The task: The expected output is each line from the one containing "시민단체 50여 명이" to the last line of the data below, set down exactly, minus the pictures.

Supplied data:
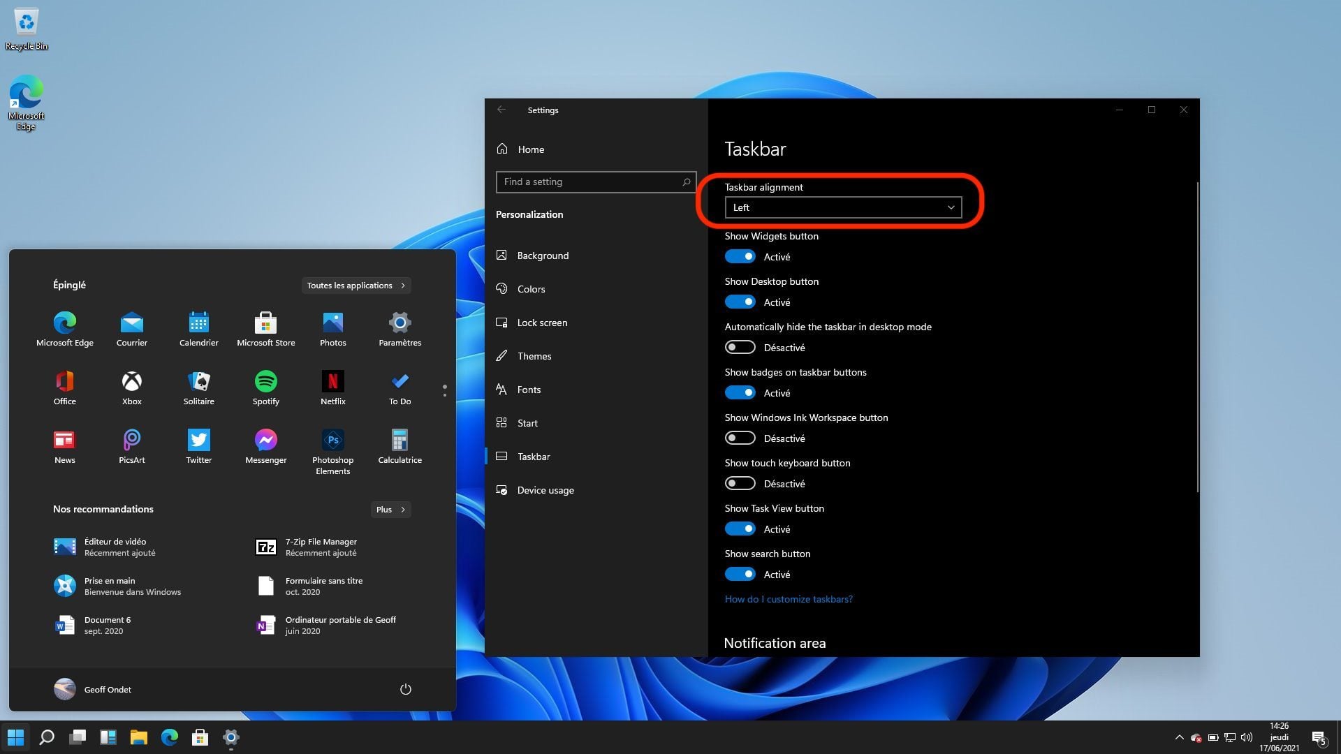 Une option permettant de choisir l’alignement du menu Démarrer et de la barre des tâches a été ajoutée dans les Paramètres de Personnalisation de la Barre des tâches : il sera donc possible de la conserver au centre, ou de la placer à gauche, pour donner à votre Windows 11 un petit côté vintage de Windows 10.
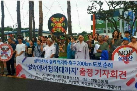 시민단체 50여 명이 강원 양양군청 앞에서 기자회견을 갖고 도보 순례를 시작했다. (사진=유선희 기자)
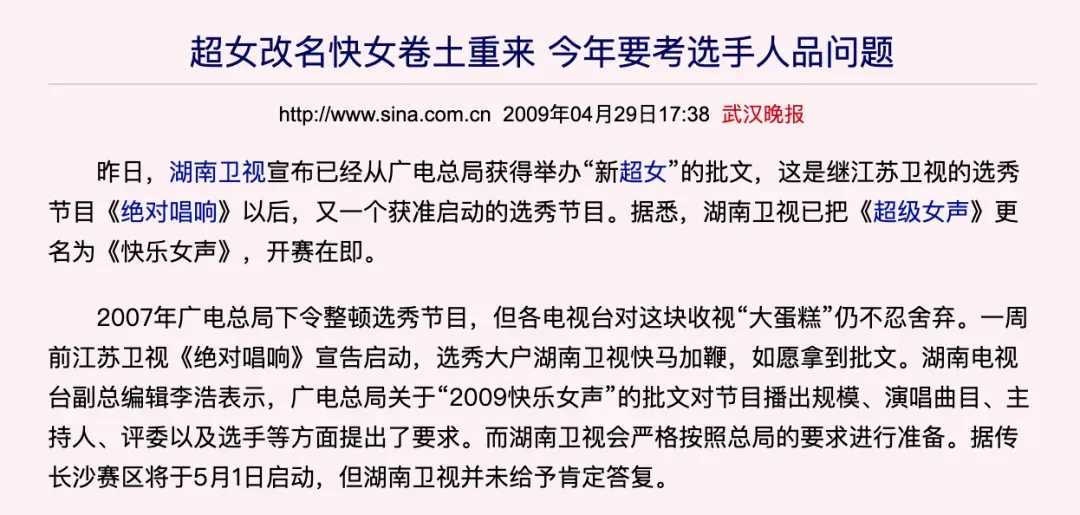 2009年,湖南卫视再次搞到了“新超女”的批文,把《超级女声》改为《快乐女声》。运气好,一个“狮子座”绵羊音又引爆话题。

Answer section:
 시민단체 50여 명이 강원 양양군청 앞에서 기자회견을 갖고 도보 순례를 시작했다. (사진=유선희 기자)
 2009年,湖南卫视再次搞到了“新超女”的批文,把《超级女声》改为《快乐女声》。运气好,一个“狮子座”绵羊音又引爆话题。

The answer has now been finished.